In the light of the above and bearing in mind that the applicants had been placed at the Lampedusa hotspot by the Italian authorities for ten days without a clear and accessible legal basis and in the absence of a reasoned measure ordering their retention, before being removed to their country of origin, the Court found that the applicants had been arbitrarily deprived of their liberty, in breach of the first limb of Article 5 § 1 (f). In the absence of a clear and accessible legal basis for detention, the Court failed to see how the authorities could have informed the applicants of the legal reasons for their deprivation of liberty or have provided them with sufficient information enabling them to challenge the grounds for their de facto detention before a court.

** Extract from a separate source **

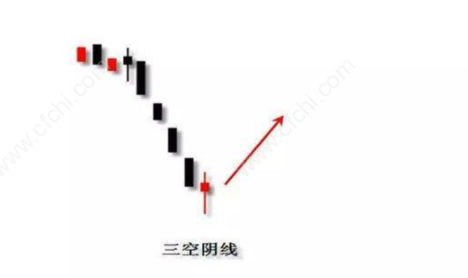 三空阴线k线组合一般出现在股价下跌中,阴线伴随着缺口,跳空低开低走,连续向下的三个跳空缺口,虽然空头力量强大,但过度下跌对做空能量消耗极大,当空头能量消耗竭尽之时,价格容易 止跌转强而出现反弹行情。所以,投资者在价格连续大幅下跌之后,出现的三空阴线不应恐慌割肉出局,反而应当逆向思维,择机介入抢反弹。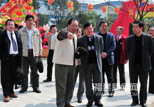 2月24日,马祖县长杨绥生(中右)带领马祖乡亲一行参观马尾灯会展区,其中马祖展出灯群是以杨绥生提出的“乐活马祖,永续经营”为主题而制作的。当晚,第八届“两马同春闹元宵”将亮灯。

Conclusion: violation (unanimously).

Article 4 of Protocol No.4:

It had not been disputed that no interviews had been held before the signing of the refusal-of-entry orders. Further, the text of those orders concerning two of the applicants – the remaining two not having been provided with a copy – did not disclose any examination of the applicants’ personal situation. In addition, taking into account the circumstances of the applicants’ removal, the short lapse of time between the signature by the applicants of the refusal-of-entry orders and their removal, the fact that they allegedly had not understood the content of the orders and that two of them had not been provided with a copy, the Court found that the Government had not sufficiently shown that the applicants had benefited from the possibility of appealing against those decisions.

Accordingly, the refusal-of-entry and removal orders issued in the applicants’ case had not had proper regard to their individual situations and those decisions had thus constituted a collective expulsion of aliens within the meaning of Article 4 of Protocol No. 4.

Conclusion: violation (unanimously).

Article 41: EUR 8,500 to each applicant in respect of non-pecuniary damage.